At Microsoft, we care deeply about Git’s performance. After we saw performance benefits in the commit-graph file, we took another look at Git’s performance. We inspected the stack traces for commands like
git status using PerfView. Here are a few of those stack traces with some hot spots identified: On the left, we recognized the method
mark_parents_uninteresting() is spending a lot of time calling
has_object_file(). We knew that the commit-graph should allow Git to avoid checking the object database to see these commits, so this must be wasted effort. After digging in, we found that this call can be avoided. Since this call seemed to exist for a historical reason, we first made the safe change that conditionally skipped the call. Later, Jeff King removed the call entirely. This was an excellent example of collaboration in the community! Together, this change can save up to 7% of end-to-end time on a
git status call in the Linux repository without the commit-graph feature. The relative benefit is even higher when the commit-graph feature is enabled (over 50% in the stack traces above). In the right side of the stack traces, we see that our commit parsing is taking 6.7% in the
lookup_tree() method. We knew that
git status was computing merge bases at the time, so why did it need to load trees?

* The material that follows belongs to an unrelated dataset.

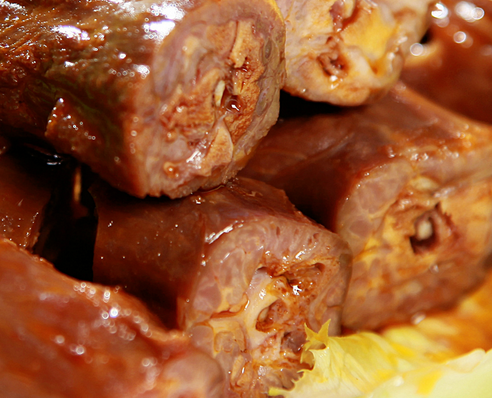 鴨脖店一般挑選3斤左右合適,市場批發價3.5元/斤左右,每只成本10.5元,加工消耗成本0.5元/只,共計成本11元/只。鴨的出品率可達60%左右,生鴨制成成品重量為1.8斤,市場銷售價13-15元不等。日銷售量最少在20只以上。
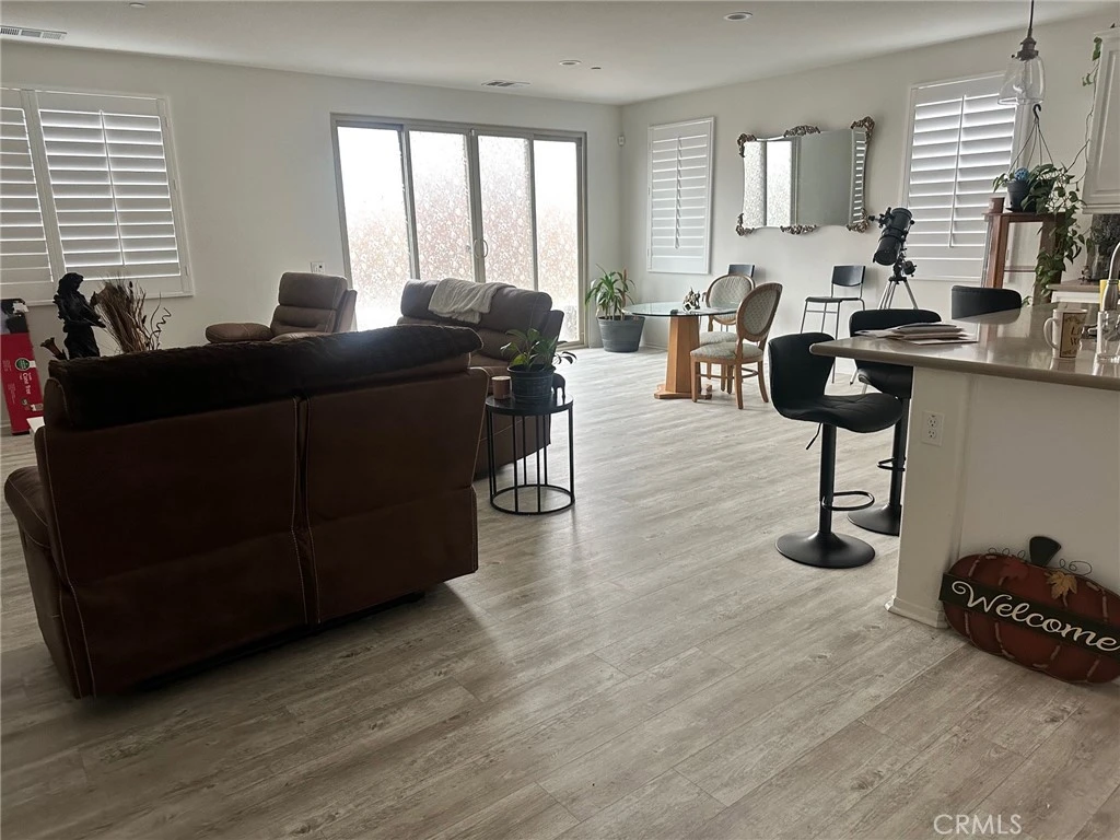 Welcome to your dream home! This stunning single-story gem, built in 2020, is a perfect blend of modern design and comfortable living. From the moment you step onto the charming covered porch entry, you’ll feel right at home. The beautifully designed kitchen offers both style and functionality, featuring high-end stainless steel appliances, sleek white lacquer-finish cabinets, and sparkling quartz countertops and a spacious island perfect for meal prep or casual dining. A double sliding door seamlessly connects the kitchen to the patio, making indoor-outdoor living a breeze. Natural light floods the dining room, creating a bright and welcoming atmosphere. Every window is dressed with stylish shutter coverings, adding a touch of sophistication. The backyard offers the perfect space for relaxation, entertainment, or play. The luxurious master suite is your personal retreat, complete with a private bath, dual sinks, and an oversized walk-in closet. With three bedrooms, a second full bathroom, and a versatile flex room that can serve as an office, guest room, or even a fourth bedroom, this home is designed to fit your lifestyle. Nestled in a peaceful rural community, this property offers the perfect combination of tranquility and modern convenience. Whether you're hosting gatherings, working from home, or simply enjoying quiet evenings, this home has it all.

Recall above that the root tree object ID is an important element in a commit. Since Git frequently needs to walk from a commit to its root tree, the
parse_commit() method is expected to load an object pointer for that tree. The tree object is just a placeholder, but Git also has an object cache to avoid duplicate copies of the same object. That’s what
lookup_tree() is doing: it is checking the in-memory cache for a copy of that tree, even though we never need to look at the tree for our current code path. To improve commit-graph walks that do not need to also walk trees, we made Git load trees lazily. This gave us an additional 28% speedup in
git log --graph calls in the Linux repository.
Parsing is not Enough
While the commit-graph file speeds up commit graph walks by improving parsing speed, it still has a problem: if
git log --graph took 15 seconds to show a single commit before, it takes at least 1.5 seconds with Git 2.18. This is the case we are in with the Windows repository, as it has over 2 million reachable commits. The algorithm for
git log --graph requires reporting the commits in topological order and the algorithm walks every reachable commit before displaying a single commit to the user. Visual Studio Team Services (VSTS) displays commit history in topological order by default, and can return history queries on the Windows repository in under 250 milliseconds. The reason we can do this is because we can more dynamically report a single page of commits in topological order without walking the entire commit history. We use an extra piece of information, called generation number, to walk a much smaller set of commits. In the next article, I go deep into the definition of generation numbers and how this algorithm works. You can also see the discussion on the Git mailing list, since we are hard at work bringing this algorithm to every Git user!
Unfortunately, your markup isn’t working correctly now. Probably broke in a blog engine “upgrade”?
This is such an amazing article. Thanks for publishing this article.